(TASK INPUTS Opens)

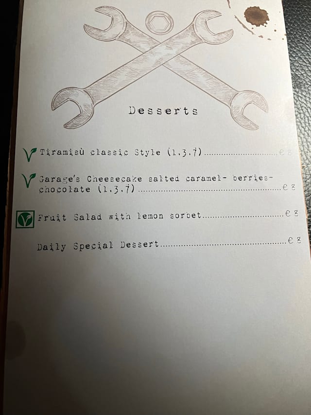 If you plan to eat at Ristorante Garage - Pizza, Grill & Cocktails, the average price should be around €29. The average price is calculated based on appetizer/entrée or entrée/dessert, excluding drinks. Prices have been provided by the restaurant.
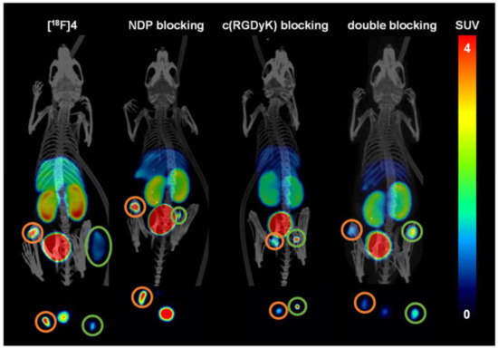 Depiction of the PET/CT images given as MIPs applying [18F]4 as the radioligand (n = 3 for each group). From left to right: [18F]4 without blocking; NDP blocking; c(RGDfK) blocking; blocking using both agents. Shown are MIPs obtained for 50–90 min PI (post-injection). Upper row: coronal slices; bottom row: transaxial slices at tumor level. Circled in orange: U87MG tumors; circled in green: B16F10 tumors. In the transaxial sections, it was not always possible to depict both tumors as some were out of plane.
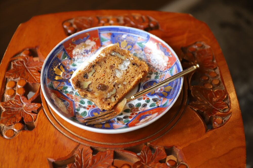 人気の「キャロットケーキ」は、材料の7割が人参というヘルシーな一品。小麦粉はつなぎ程度に抑え、素材そのものの味を大切にしています。にんじんの持つ本来のやさしい甘味をベースに、くるみとレーズンの食感がほどよいアクセントに。仕上げには、クリームチーズに粉糖、レモン汁、バターを合わせたさわやかな風味のフロスティングがトッピングされています。
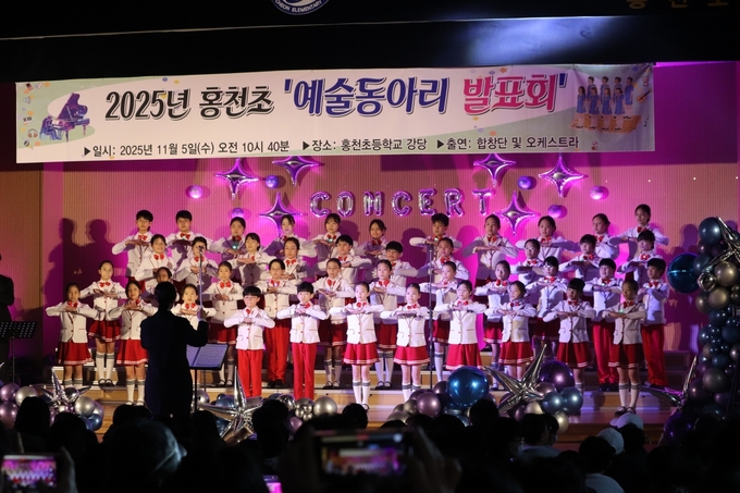 홍천초등학교는 올해 경기도교육청으로부터 ‘예술중점학교’로 지정됐다. 지정을 기념해 1인 1악기 교육, 국악 특강, 빛깔있는 레인보우 발표회, 문화예술 체험 활동, 예술동아리 등굣길 음악회, 작은 음악회, 버스킹, 홍천 아트갤러리 전시회 등 폭넓은 문화예술교육을 실천하고 있다. 이번 ‘2025 용인 예술로 어울림 한마당’ 연주도 작년에 이어 2년 연속 연주에 참여하며 예술교육의 우수성을 다시 한번 입증했다.
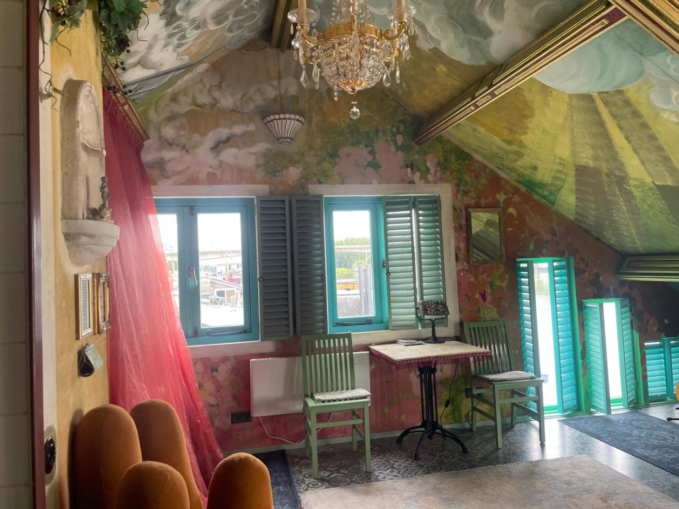 Drijfpaleis ison a houseboat offering uniquely themed accommodation, floating on the river Rhine and within just minutes of Arnhem’s city centre. It offers rooms with a private terrace at the riverside.
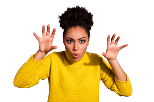 Close up portrait of shocked concerned young woman with dark skin and curly hair, hears terrifying news, keeps hands on cheeks, wears spectacles and white sweater, isolated on grey background

(TASK INPUTS Closes)

• **DESCRIPTION OF THE TASK**: Write out every line of the entries above exactly, and omit their pictures.

• **ANSWER BOX**:
 If you plan to eat at Ristorante Garage - Pizza, Grill & Cocktails, the average price should be around €29. The average price is calculated based on appetizer/entrée or entrée/dessert, excluding drinks. Prices have been provided by the restaurant.
 Depiction of the PET/CT images given as MIPs applying [18F]4 as the radioligand (n = 3 for each group). From left to right: [18F]4 without blocking; NDP blocking; c(RGDfK) blocking; blocking using both agents. Shown are MIPs obtained for 50–90 min PI (post-injection). Upper row: coronal slices; bottom row: transaxial slices at tumor level. Circled in orange: U87MG tumors; circled in green: B16F10 tumors. In the transaxial sections, it was not always possible to depict both tumors as some were out of plane.
 人気の「キャロットケーキ」は、材料の7割が人参というヘルシーな一品。小麦粉はつなぎ程度に抑え、素材そのものの味を大切にしています。にんじんの持つ本来のやさしい甘味をベースに、くるみとレーズンの食感がほどよいアクセントに。仕上げには、クリームチーズに粉糖、レモン汁、バターを合わせたさわやかな風味のフロスティングがトッピングされています。
 홍천초등학교는 올해 경기도교육청으로부터 ‘예술중점학교’로 지정됐다. 지정을 기념해 1인 1악기 교육, 국악 특강, 빛깔있는 레인보우 발표회, 문화예술 체험 활동, 예술동아리 등굣길 음악회, 작은 음악회, 버스킹, 홍천 아트갤러리 전시회 등 폭넓은 문화예술교육을 실천하고 있다. 이번 ‘2025 용인 예술로 어울림 한마당’ 연주도 작년에 이어 2년 연속 연주에 참여하며 예술교육의 우수성을 다시 한번 입증했다.
 Drijfpaleis ison a houseboat offering uniquely themed accommodation, floating on the river Rhine and within just minutes of Arnhem’s city centre. It offers rooms with a private terrace at the riverside.
 Close up portrait of shocked concerned young woman with dark skin and curly hair, hears terrifying news, keeps hands on cheeks, wears spectacles and white sweater, isolated on grey background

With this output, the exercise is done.